What you need to do — An exact transcription of every entry is required, with the images left out.

----- Dataset content -----

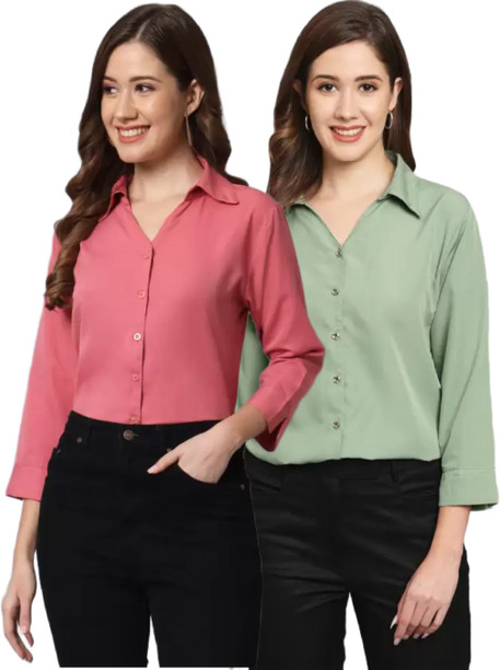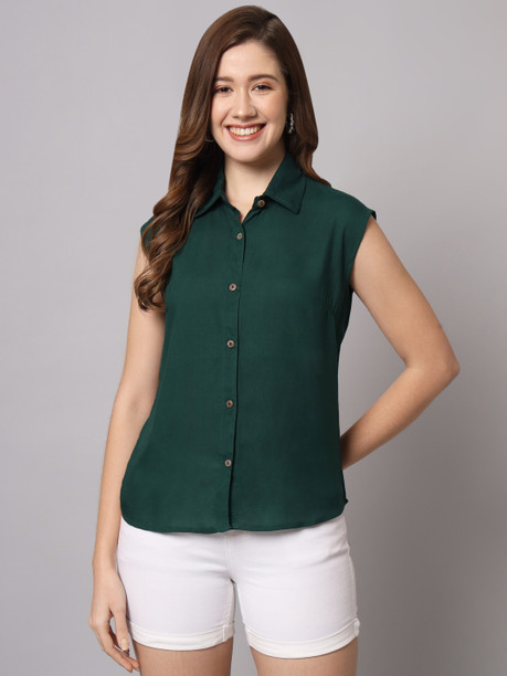 Women Regular Fit Solid Spread Collar Casual Shirt
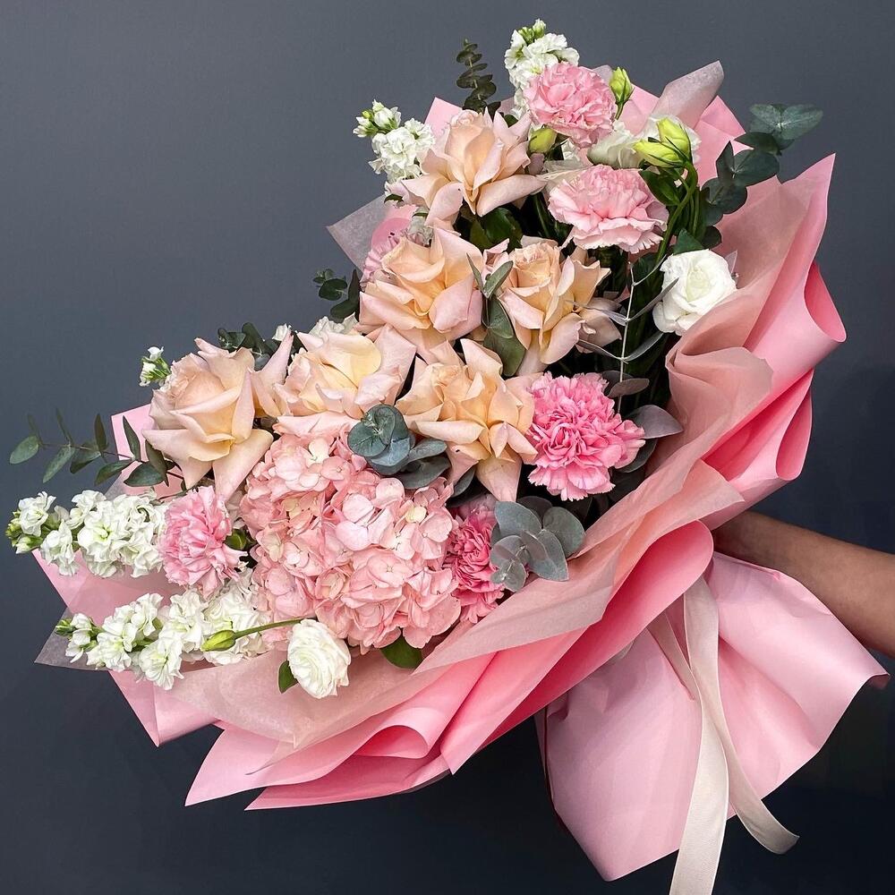 Гортензия - 1 шт. Лизиантус - 5 шт. Маттиола - 5 шт. Роза - 7 шт. Гвоздика - 7 шт.
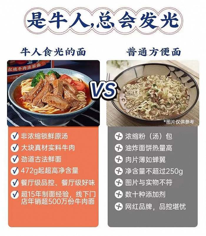 界面新闻发现,该品牌在天猫平台开设了单独的“牛人食光旗舰店”。鲜煮面产品包括红烧牛肉浓茄面、叉烧豚骨浓汤面、肥牛金汤酸口面、藤椒牛肉麻辣面4种口味,单盒平均价格超过30元。它最大的卖点在于,配料包里含有大块肉以及非浓缩原汤,面条需要现煮,适合一人食的消费场景。
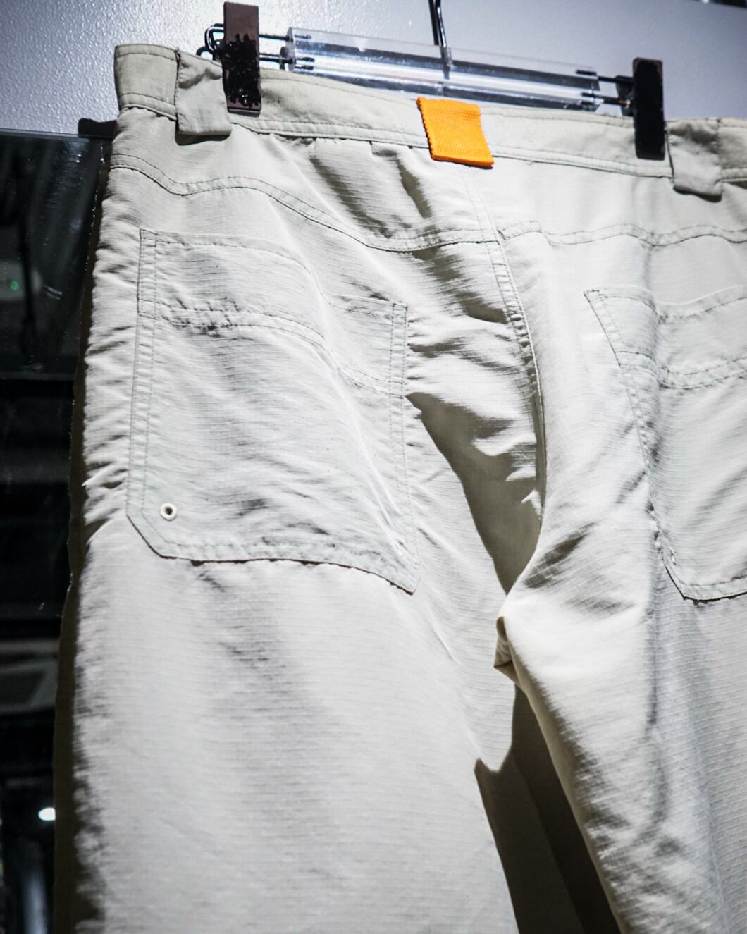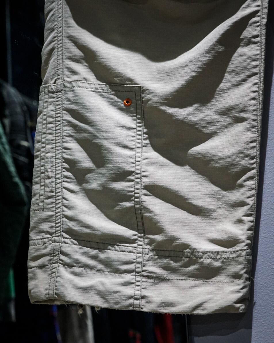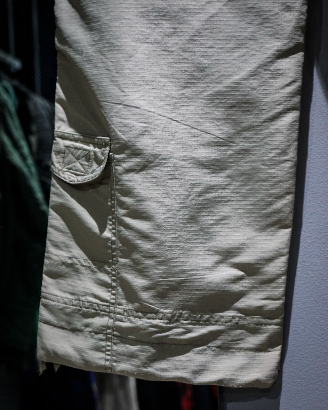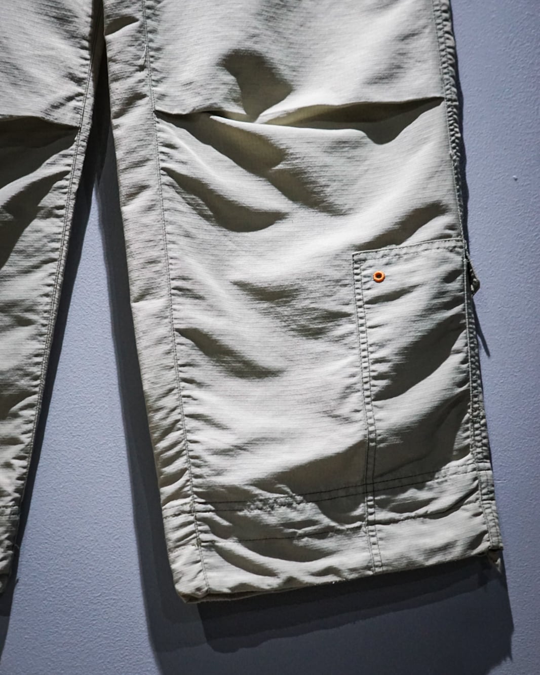 タフかつ強度の高いリップストップナイロンのに、フラップポケットのギミックを載せたナイロンパンツ。
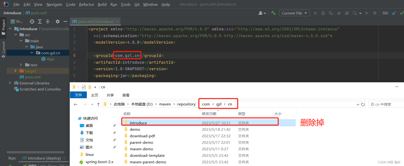 (2)紧接着我们需要找到本地maven仓库当中的introduce包给删除掉
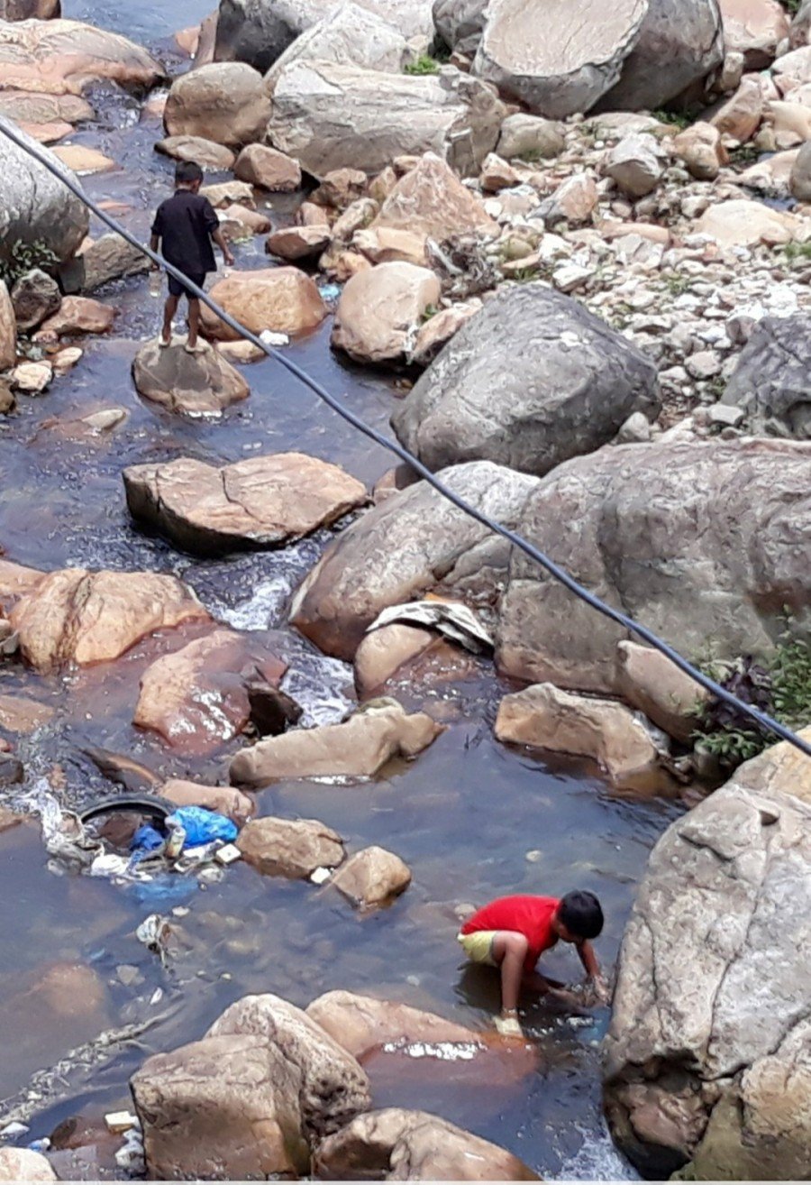 굽이굽이 걷다 보니 개울도 나온다. 물이 더럽고 깨끗하고는 그다지 중요하지 않은 지 꼬마 녀석들이 얕은 개울물에서 놀고 있다. 더운 날에 둘도 없는 놀이터다. 저기서 무엇을 찾는지 궁금해서 한참 동안 다리 위에서 내려다보았는데 잘 찾아지지 않는지 내가 자리를 뜰 때까지 아이는 등을 한 번도 펴지 않는다.
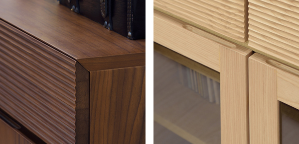 引き出し全体には優美な枯山水を思わせる筋彫りが施されています。角を斜めにカットすることでシャープな印象に仕上げています。
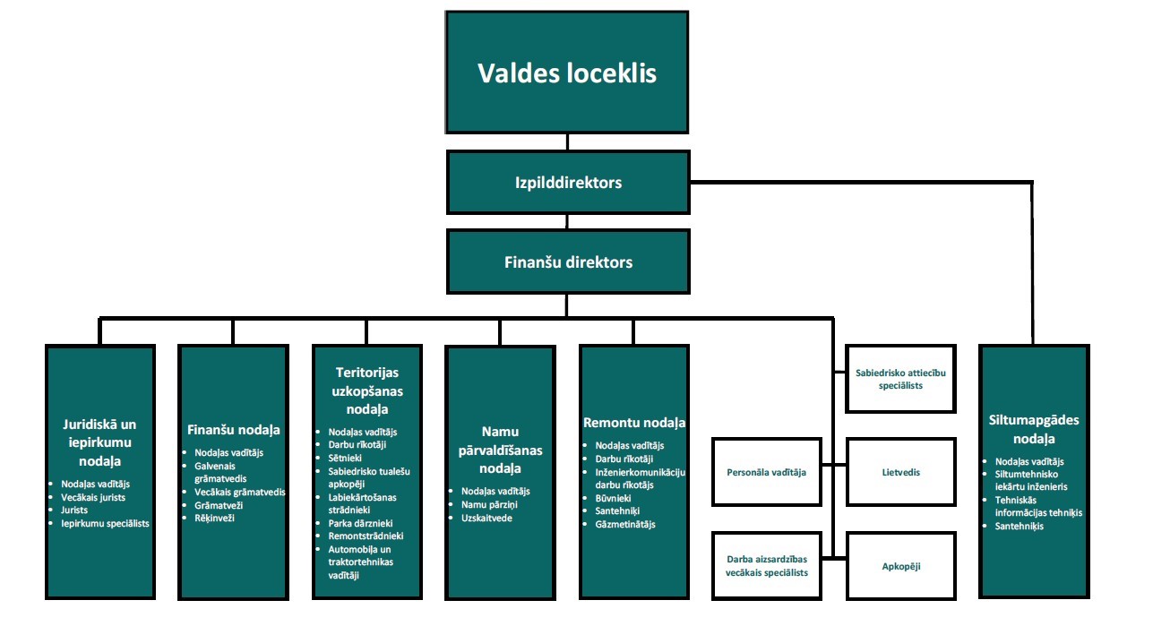 Finanšu direktors uzrauga un koordinē Juridiskās un iepirkumu nodaļas, Finanšu nodaļas, Teritorijas uzkopšanas nodaļas, Namu pārvaldīšanas nodaļas, Remontu nodaļas un IT procesu pārvaldības funkciju izpildi, kā arī personāla vadītāja, darba aizsardzības vecākā speciālista, sabiedrisko attiecību speciālista, lietveža un apkopēju darbu.
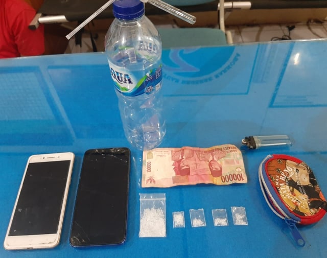 Kemudian petugas lasung mengamankan kedua tersangka. Ketika dilakukan penggeledahan terhadap mereka dan petugas menemukan barang bukti narkotika jenis shabu di dalam kantong celana tersangka yang di masukan kedalam dompet berisi 5 lima paket Narkoba jenis shabu yang di bungkus dengan plastik bening
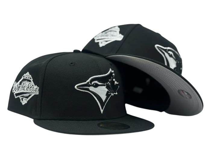 Go for a baseball cap in a minimalist colorway, featuring one of the recent releases from Sports World 165. Here is the Toronto Blue Jays 1993 World Series Black 59Fifty Fitted Hat. The dome and uppervisor are made of black fabric. The Toronto Blue Jays logo is rendered in black & white for the 3D front embroidery. The right panel features the 1993 MLB World Series side patch, while the left has the New Era Flag. The undervisor of the bill is in gray to keep up with the color scheme. The MLB Batterman takes its usual spot at the back. Click here if you want one.

-----

Expected answer —
 Women Regular Fit Solid Spread Collar Casual Shirt
 Гортензия - 1 шт. Лизиантус - 5 шт. Маттиола - 5 шт. Роза - 7 шт. Гвоздика - 7 шт.
 界面新闻发现,该品牌在天猫平台开设了单独的“牛人食光旗舰店”。鲜煮面产品包括红烧牛肉浓茄面、叉烧豚骨浓汤面、肥牛金汤酸口面、藤椒牛肉麻辣面4种口味,单盒平均价格超过30元。它最大的卖点在于,配料包里含有大块肉以及非浓缩原汤,面条需要现煮,适合一人食的消费场景。
 タフかつ強度の高いリップストップナイロンのに、フラップポケットのギミックを載せたナイロンパンツ。
 (2)紧接着我们需要找到本地maven仓库当中的introduce包给删除掉
 굽이굽이 걷다 보니 개울도 나온다. 물이 더럽고 깨끗하고는 그다지 중요하지 않은 지 꼬마 녀석들이 얕은 개울물에서 놀고 있다. 더운 날에 둘도 없는 놀이터다. 저기서 무엇을 찾는지 궁금해서 한참 동안 다리 위에서 내려다보았는데 잘 찾아지지 않는지 내가 자리를 뜰 때까지 아이는 등을 한 번도 펴지 않는다.
 引き出し全体には優美な枯山水を思わせる筋彫りが施されています。角を斜めにカットすることでシャープな印象に仕上げています。
 Finanšu direktors uzrauga un koordinē Juridiskās un iepirkumu nodaļas, Finanšu nodaļas, Teritorijas uzkopšanas nodaļas, Namu pārvaldīšanas nodaļas, Remontu nodaļas un IT procesu pārvaldības funkciju izpildi, kā arī personāla vadītāja, darba aizsardzības vecākā speciālista, sabiedrisko attiecību speciālista, lietveža un apkopēju darbu.
 Kemudian petugas lasung mengamankan kedua tersangka. Ketika dilakukan penggeledahan terhadap mereka dan petugas menemukan barang bukti narkotika jenis shabu di dalam kantong celana tersangka yang di masukan kedalam dompet berisi 5 lima paket Narkoba jenis shabu yang di bungkus dengan plastik bening
 Go for a baseball cap in a minimalist colorway, featuring one of the recent releases from Sports World 165. Here is the Toronto Blue Jays 1993 World Series Black 59Fifty Fitted Hat. The dome and uppervisor are made of black fabric. The Toronto Blue Jays logo is rendered in black & white for the 3D front embroidery. The right panel features the 1993 MLB World Series side patch, while the left has the New Era Flag. The undervisor of the bill is in gray to keep up with the color scheme. The MLB Batterman takes its usual spot at the back. Click here if you want one.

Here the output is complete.